= Pedro J. del Nido =

Chilean pediatric cardiac surgeon

Pedro J. del Nido is a Chilean pediatric cardiac surgeon who was the 95th president of the American Association for Thoracic Surgery (AATS), succeeding David J. Sugarbaker and preceding Joseph S. Coselli.

== Education ==
Del Nido completed medical school at University of Wisconsin Medical School, 1977, Madison, Wisconsin, his residency in General Surgery at Boston University 1982, Boston, Massachusetts, Residency in Cardiothoracic Surgery at Toronto General Hospital 1985, Toronto, Canada, and Fellowship in Pediatric Cardiothoracic Surgery at Hospital for Sick Children, 1986, Toronto, Canada.

== Cardioplegia ==
Del Nido is the eponym of the del Nido cardioplegia, a solution infused during open-heart surgery to temporarily stop the heart from beating, known as cardioplegic cardiac arrest. Del Nido developed the solution while working at the University of Pittsburgh in the early 1990s, for which he subsequently received his first National Institutes of Health grant in 1992. Del Nido cardioplegia has been in use for 28 years at Boston Children's Hospital. While the del Nido cardioplegia was initially developed for use in pediatric patients, its use has gained popularity in adult cardiac surgery.

=== Composition of del Nido cardioplegia ===
Source:

Del Nido cardioplegia is a unique four-part crystalloid to one-part blood formulation that is typically dosed only one time.
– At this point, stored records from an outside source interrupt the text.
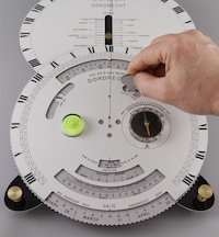 2: Instellen voor gebruik: 1. Stel de relatieve positie in uw tijdzone in met de bijgeleverde stel-schroevendraaier in het Timezone-venster. Bijvoorbeeld: Mijn coördinaten zijn 4.6° Oost en 52.0° Noord. Mijn tijdzone is CET en is GMT+1. Een tijdzone is 15° breed (24 tijdzones --> 24 x 15° = 360°). 2. Stel de zomertijd in het Zomertijd venster. 3. Draai de Datum-ring naar de huidige datum. Door het draaien van deze ring worden 2 verdere instellingen automatisch gedaan, n.l. de equatie-correctie en de verplaatsing van de analemmatische zonnewijzerplaat. De vertical gnomon correspondeert altijd met de datum in de Datum-ring. De equatie-correctie wordt automatisch verwerkt in de uiteindelijke tijdcorrectie van de zonnetijd naar de tijd in uw tijdzone 4. Stel het kompas in op de huidige magnetische deklinatie. (Als de zon schijnt en er een schaduw is dan kan de zonnewijzer ook op het Noorden worden gesteld door de zonnewijzer horizontaal te draaien totdat beide afleesschalen dezelfde tijd aangeven. De zonnewijzer moet dan wel op de juiste datum ingesteld zijn en horizontaal staan. Op deze wijze kunt u dus ook de lokale magnetische deklinatie vinden. 3: Gebruik van de zonnewijzer: Als de zonnewijzer goed staat ingesteld, horizontaal en op het noorden gericht dan geven beide schalen dezelfde zonnetijd aan. In het venster onder XII vind u het aantal uren en minuten dat bij de zonnetijd moet worden opgeteld of afgetrokken om de tijd in uw tijdzone te berekenen. In mijn voorbeeld is de datum 24 Maart en moet ik 47 minuten optellen bij de zonnetijd. B.v. als de zonnewijzer 10:45 aangeeft dan is de tijd op mijn horloge 10:45 + 00:47 = 11:32) 4: Afmetingen: lang = 42cm (16.5"), breed 25.5cm (10"), hoog: hangt af van de breedtegraad. 5: Constructie: De zonnewijzer heeft 5 interactieve lagen en is gemaakt van 2 and 3 mm hard Resopal, messing en roestvrij staal. Het Resopal is erg hard onbuigbaar. Er zijn 2 horizontale stelschroeven en 2 stelbare gnomons. De gnomons zijn bevestigd aan een arm, die de gnomon-draden onder spanning houden. de arm kan worden neergeklapt voor plaatsing in een meegeleverde houten kist. De wijzerplaten zijn geconstrueerd in een zelf geschreven computerprogramme en CNC gegraveerd en uitgefreesd. 6: Gnomon afstelling: De 2 gnomons kunnen individueel worden bijgesteld. De lengte verandert door het draaien van de stelschroef in de bodemplaat. Houd er rekening mee dat een lengteverandering van de ene gnomon een verandering in de hoek van de andere gnomon veroorzaakt. Bij aflevering zijn beide gnomons juist afgesteld en hoeft hier niets veranderd te worden. 7: Opties: De tekst kan in uw eigen taal. Eigen tekst (b.v.: uw naam, uw woonplaats of naam van uw residentie of landgoed) 8: Meegeleverd: de zonnewijzer wordt geleverd in een houten kist (44 x 27 x 5 cm) (17.3" x 10.6" x 2"), Resopal gnomon afstel hoek, Resopal stel-schroevendraaier.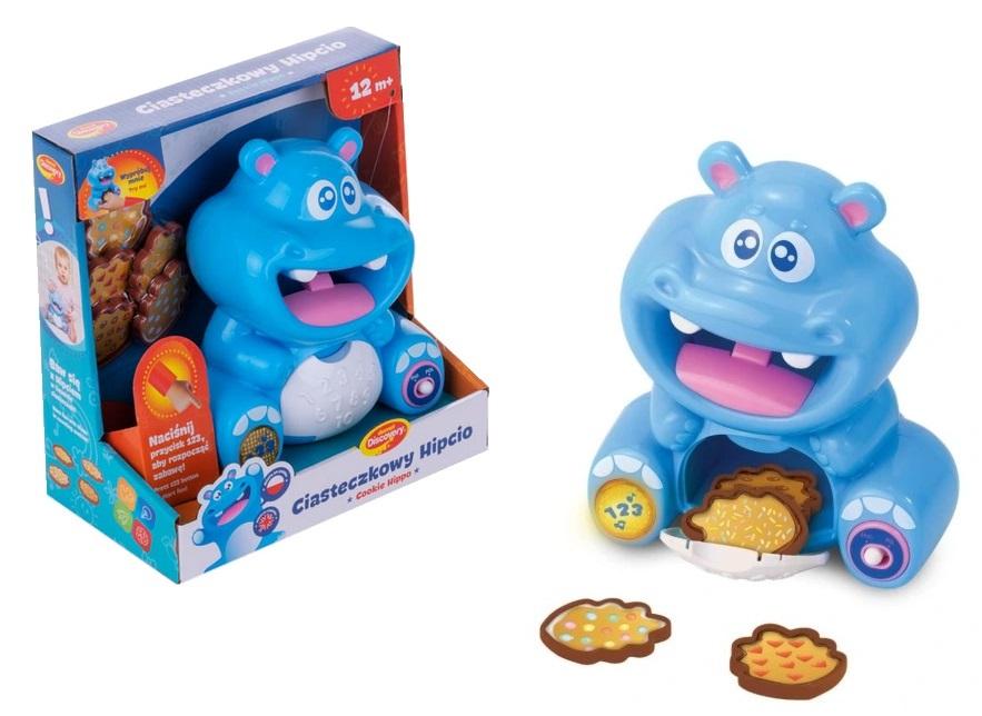 Dwujęzyczny Hipcio (polski/angielski) liczy kolorowe ciasteczka, łakomie się nimi zajadając. Kiedy Dziecko naciśnie na stópkę rozpocznie zabawę w liczenie oraz usłyszy zabawne dźwięki i melodie. Nakarm Hipcia i policz ile jest w stanie zjeść ciasteczek. Po wyjęciu ciasteczek z brzuszka rozpoczynamy zabawę od nowa.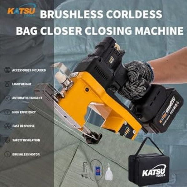 KATSU FIT-BAT 21V Brushless Cordless Sack Sealing Machine with 3.0Ah Battery and Charger, Portable Sewing Machine for Woven/Bags/Paper/Plastic Bags

It consists of a base solution of Plasma-lyte A, which has an electrolyte composition similar to that of extracellular fluid. To one liter of Plasma-lyte A, the following are added to make the crystalloid component of del Nido cardioplegia:

- Mannitol 20%, 16.3 mL
- Magnesium sulfate 50%, 4 mL
- Sodium bicarbonate 8.4%, 13 mL
- Potassium chloride (2 mEq/mL), 13 mL
- Lidocaine 1%, 13 mL

Oxygenated whole blood is then added at a four-part crystalloid to one-part whole blood ratio, typically using the Heart-lung machine's circuit as it is delivered to the patient.

==== Mannitol ====
The purpose of the mannitol component is twofold: first, to scavenge oxygen free radicals and thus prevent myocardial injury during cardioplegic arrest and during subsequent reperfusion, and secondly, to reduce the myocardial edema implicated in post-ischemic myocardial impairment.

==== Magnesium Sulfate ====
The myocardial contraction-relaxation cycle, similar to other muscle, is closely reliant upon the intracellular calcium concentration. Magnesium is a calcium channel blocker, so its use in hypothermic cardioplegia improves ventricular recovery when coupled with a low calcium level.

==== Sodium Bicarbonate ====
Red blood cells contain a high concentration of an enzyme called Carbonic anhydrase, which facilitates the scavenging of excess hydrogen ions by combining them with bicarbonate to generate carbon dioxide and water. The sodium bicarbonate component of cardioplegia, in addition to its role in this reaction, as a buffering solution to assist in maintaining intracellular pH.

==== Potassium Chloride ====
A high concentration of potassium, known as hyperkalemia, is the most common arresting method for cardiac surgery. The potassium chloride component of cardioplegia provides a depolarized arrest.

==== Lidocaine ====
Lidocaine in cardioplegia serves as a sodium channel blocker and antiarrhythmic, which helps to prevent the accumulation of both sodium and calcium (through exchange mechanisms) inside the cell.

==== Patient Blood Additive ====
Del Nido cardioplegia is delivered with 20% by volume of fully oxygenated patient blood, supporting transient aerobic metabolism and providing buffering for anaerobic glycolysis, as well as improving coronary perfusion during cardioplegia delivery.